Publication : EMBO reports

Shifting meiotic to mitotic spindle assembly in oocytes disrupts chromosome alignment.

Scientific Fields
Diseases
Organisms
Applications
Technique

Published in EMBO reports - 01 Feb 2018

Bennabi I, Quéguiner I, Kolano A, Boudier T, Mailly P, Verlhac MH, Terret ME,

Link to Pubmed [PMID] – 29330318

Link to DOI – 10.15252/embr.201745225

EMBO Rep 2018 02; 19(2): 368-381

Mitotic spindles assemble from two centrosomes, which are major microtubule-organizing centers (MTOCs) that contain centrioles.
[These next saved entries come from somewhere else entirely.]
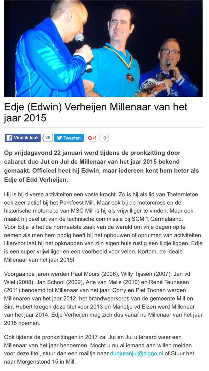 Hier beneden de benoeming tot Millenaar van het Jaar 2015
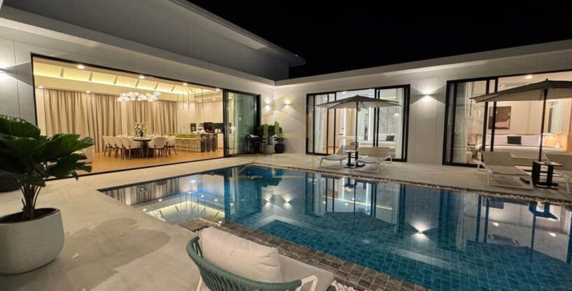 Discover an exceptional standalone villa at Le Da Villas, ideally located near Bang Tao Beach—one of Phuket’s most sought-after residential areas. This modern 5-bedroom property is designed for families and discerning tenants who value space, privacy, and premium living by the sea. With no common fees and full ownership Chanote title, this villa represents a rare opportunity in the segment of luxury homes by the sea and long-term villa rentals in Phuket.
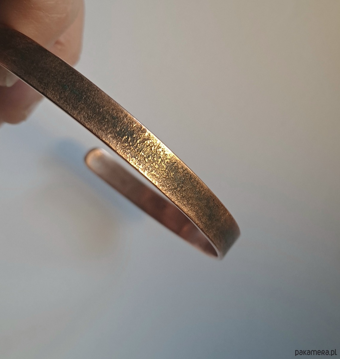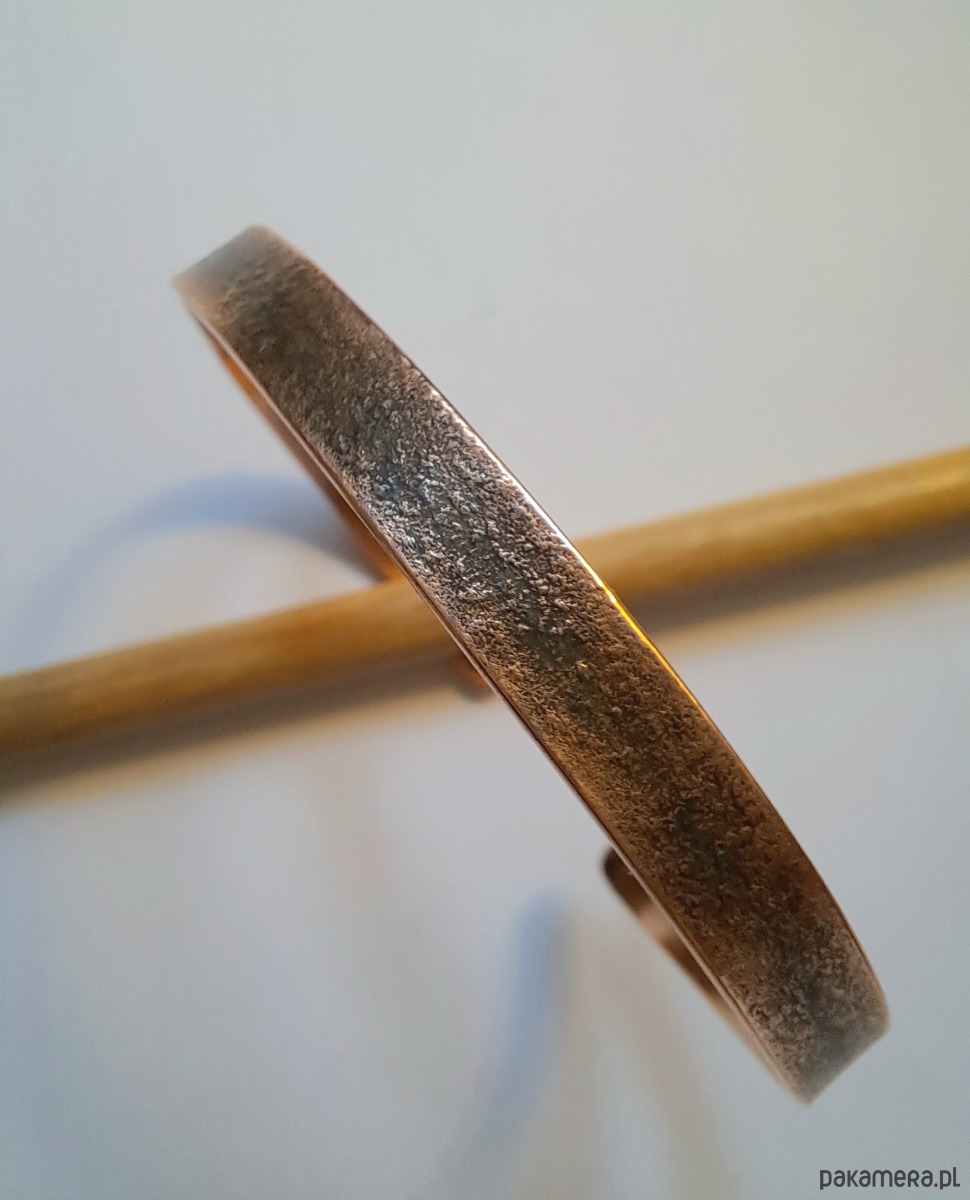 Bransoletka posiada na zewnątrz delikatną, nieregularną fakturę, którą podkreśla czarna patyna (powstaje w naturalnym, wielodniowym procesie patynowania). Patyna jest trwała i nie "schodzi" podczas noszenia.
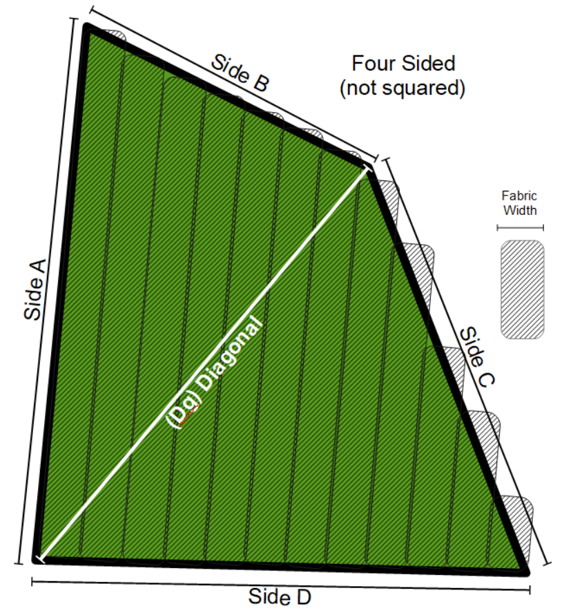 A four sided area is considered a quadrilateral. The calculator computes the area of the quadrilateral using the length of the four sides and the diagonal. It then computes the number of rolls of garden/landscaping fabric by dividing the area by the area in a standard roll of garden fabric.
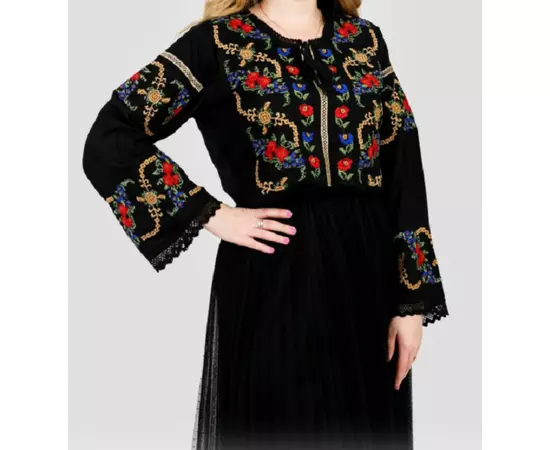 Bluza Tip Ie Neagra cu Motiv Floral Multicolor - BMG03
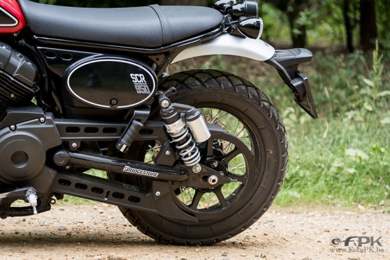 En dan komen we bij het scramblerhoofdstuk. Ik beken het direct: hier kon de SCR950 me niet overtuigen. Nochtans leent hij zich goed om recht op te staan. Zelfs zonder het stuur iets naar voor te kantelen, sta je mooi recht. Maar je merkt ook onmiddellijk dat je benen geen contact hebben met de motor. Oorzaak van die lichte spreidstand: de breed geplaatste voetsteunen. Ze zorgen ervoor dat je geen voeling met de motor hebt. Offroad bevordert dat het rijgevoel niet bepaald. En continu geforceerd je knieën tegen de tank duwen is evenmin ideaal.

Meiotic spindles in oocytes, however, lack centrioles. In mouse oocytes, spindle microtubules are nucleated from multiple acentriolar MTOCs that are sorted and clustered prior to completion of spindle assembly in an “inside-out” mechanism, ending with establishment of the poles. We used HSET (kinesin-14) as a tool to shift meiotic spindle assembly toward a mitotic “outside-in” mode and analyzed the consequences on the fidelity of the division. We show that HSET levels must be tightly gated in meiosis I and that even slight overexpression of HSET forces spindle morphogenesis to become more mitotic-like: rapid spindle bipolarization and pole assembly coupled with focused poles. The unusual length of meiosis I is not sufficient to correct these early spindle morphogenesis defects, resulting in severe chromosome alignment abnormalities. Thus, the unique “inside-out” mechanism of meiotic spindle assembly is essential to prevent chromosomal misalignment and production of aneuploidy gametes.